===== Given information =====
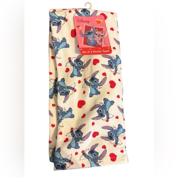 Set of 2 kitchen towels featuring Stitch with red hearts. Perfect for adding a playful touch to your kitchen.
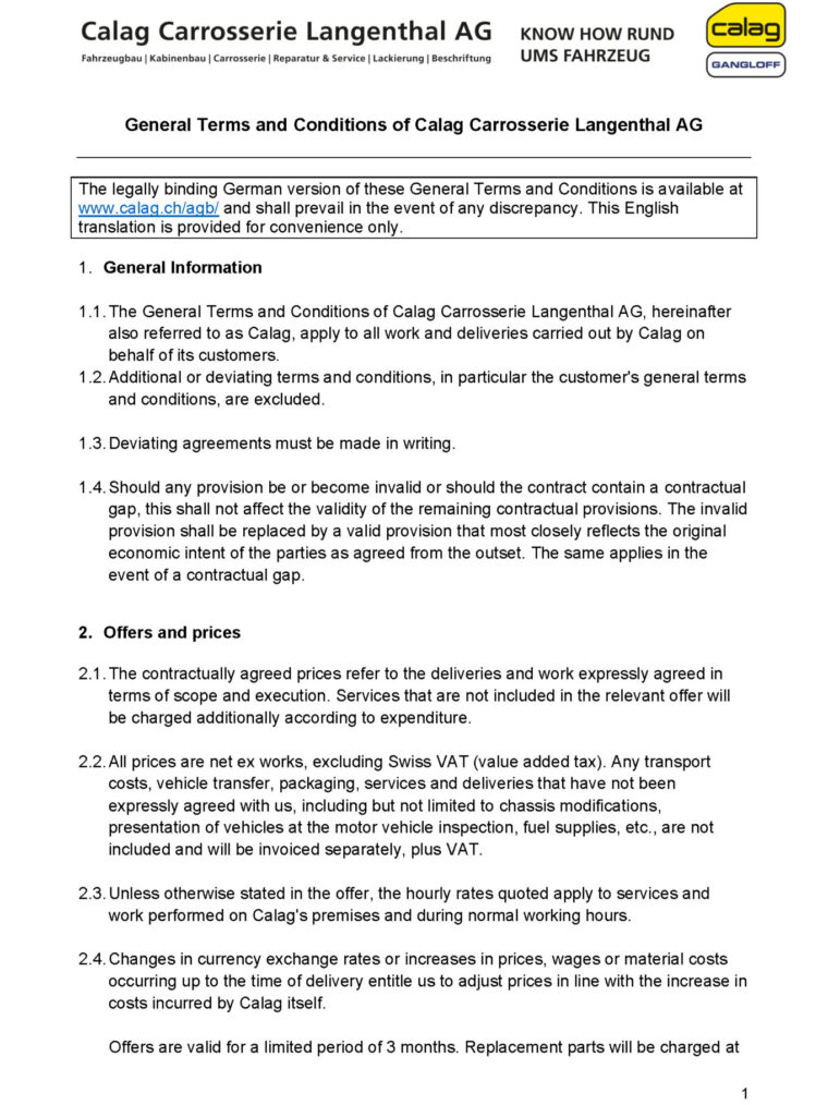 Calag Carrosserie Langenthal AG - General Terms and Conditions
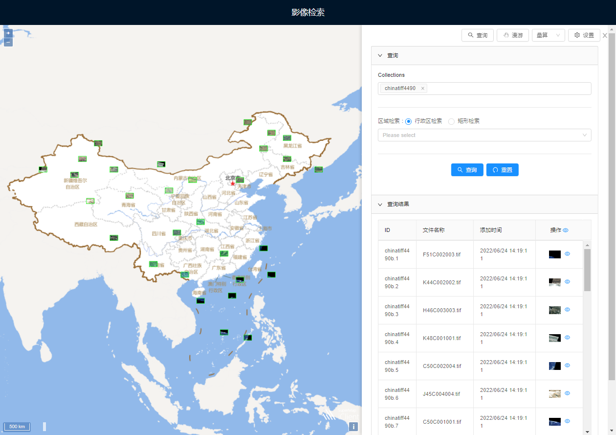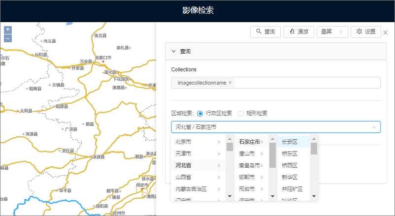 Note: Administrative area and rectangle retrieval are based on geographic range. If both are set at the same time, the rectangle range will be used as the retrieval range. Image collection and geographic range conditions are valid at the same time.
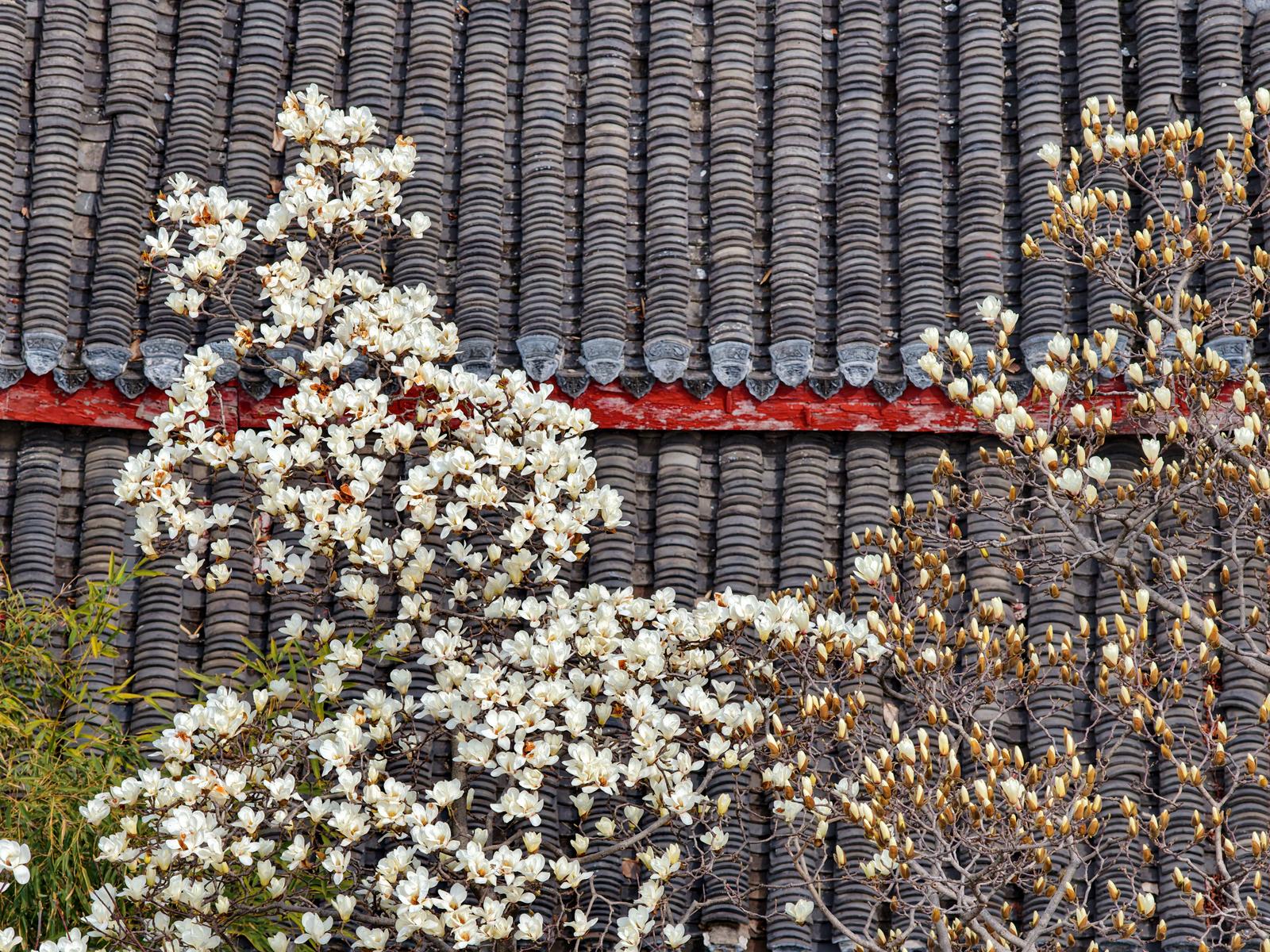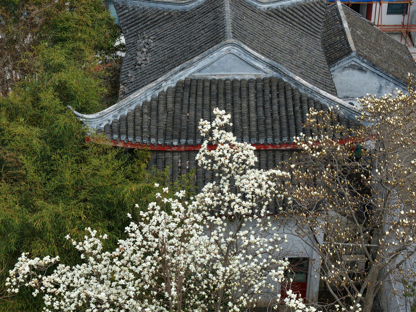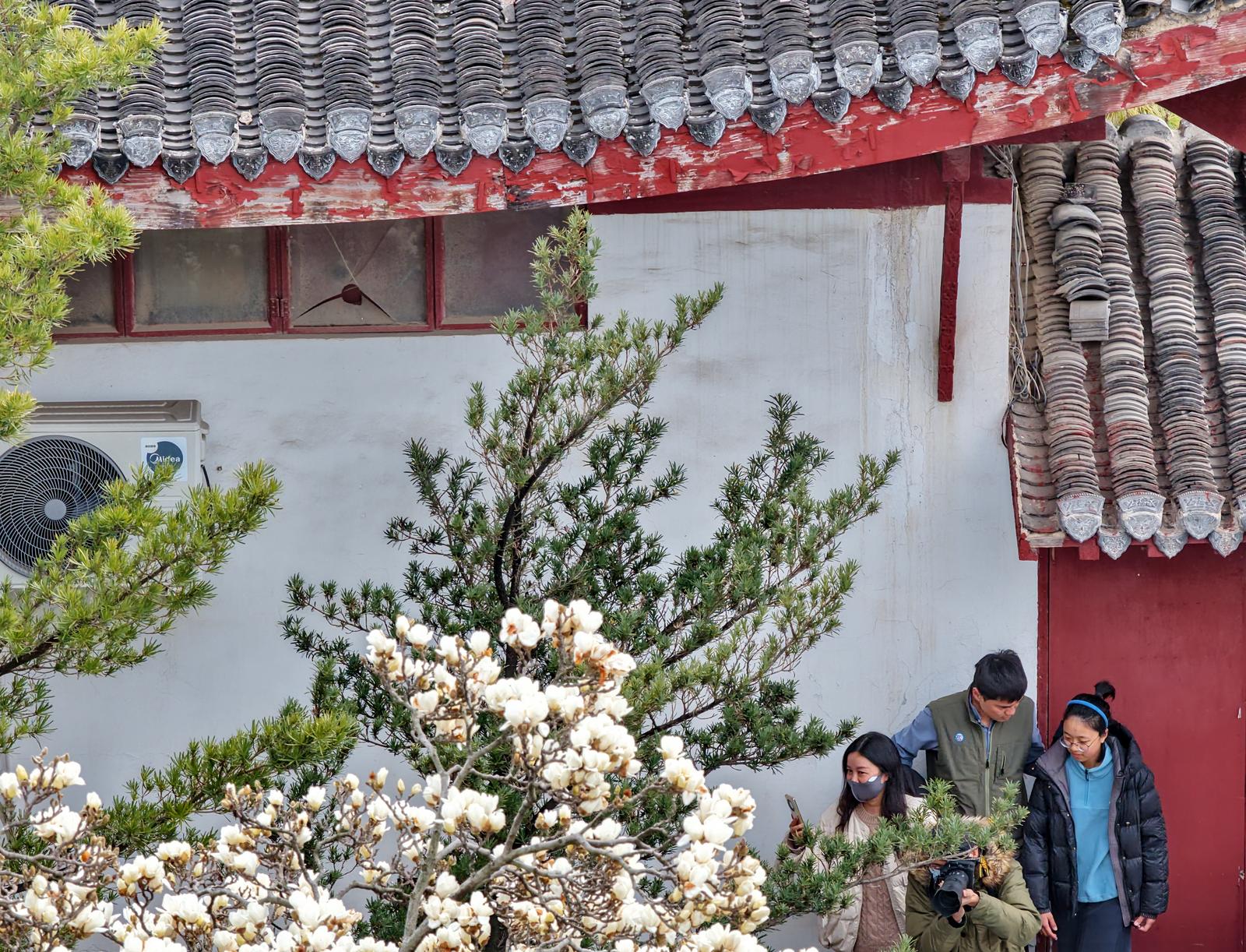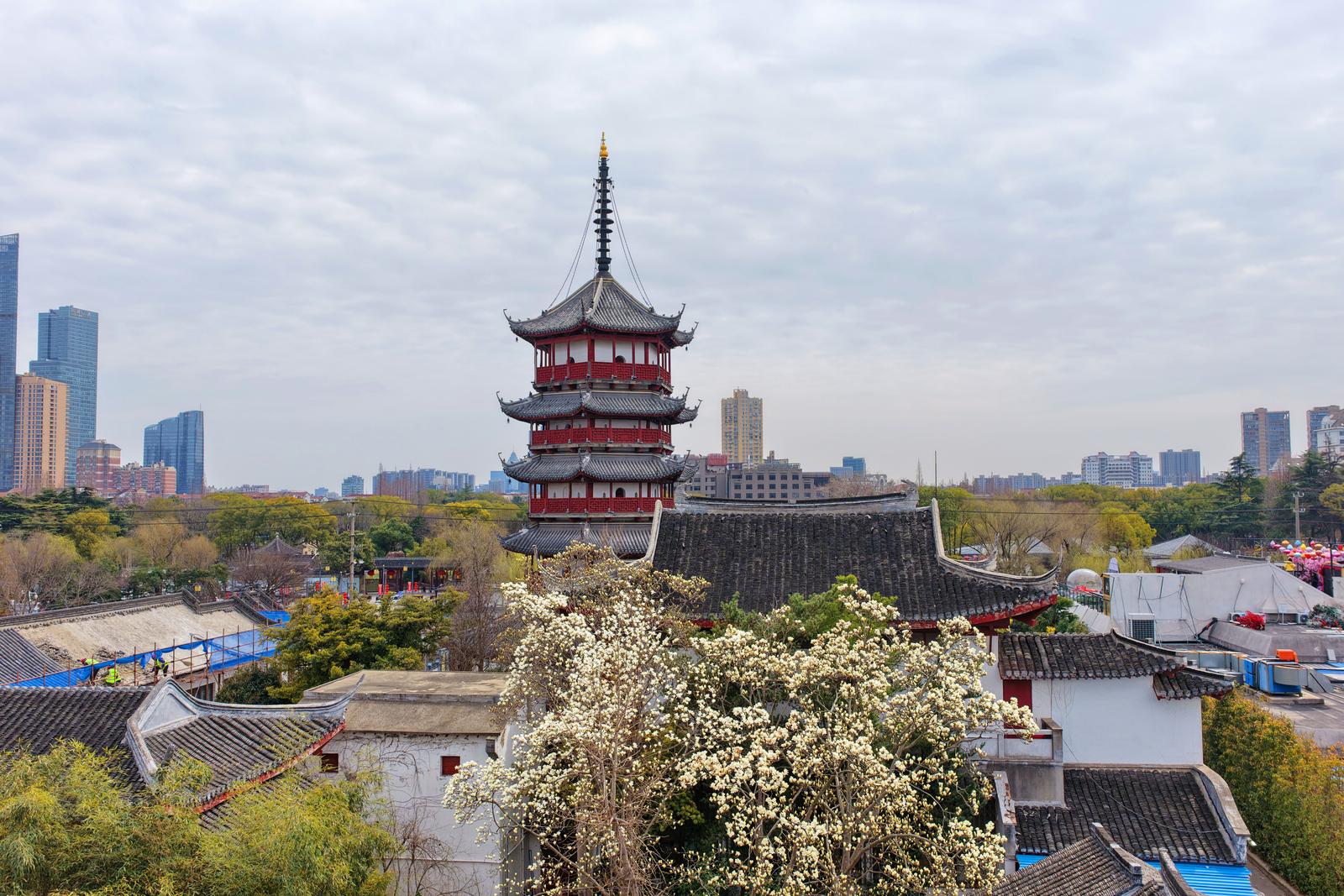 2026年3月8日拍摄的南通文峰塔和玉兰花美丽景色。眼下,在文峰塔附近的多株玉兰逐渐盛放,与文峰塔相映成景。南通文峰塔为南通三塔之冠,位于文峰公园北侧,有一组明清建筑,园林风光别具一格。
=====
What to produce ::
All of the material above should be copied exactly, minus the pictures.

Reply ::
 Set of 2 kitchen towels featuring Stitch with red hearts. Perfect for adding a playful touch to your kitchen.
 Calag Carrosserie Langenthal AG - General Terms and Conditions
 Note: Administrative area and rectangle retrieval are based on geographic range. If both are set at the same time, the rectangle range will be used as the retrieval range. Image collection and geographic range conditions are valid at the same time.
 2026年3月8日拍摄的南通文峰塔和玉兰花美丽景色。眼下,在文峰塔附近的多株玉兰逐渐盛放,与文峰塔相映成景。南通文峰塔为南通三塔之冠,位于文峰公园北侧,有一组明清建筑,园林风光别具一格。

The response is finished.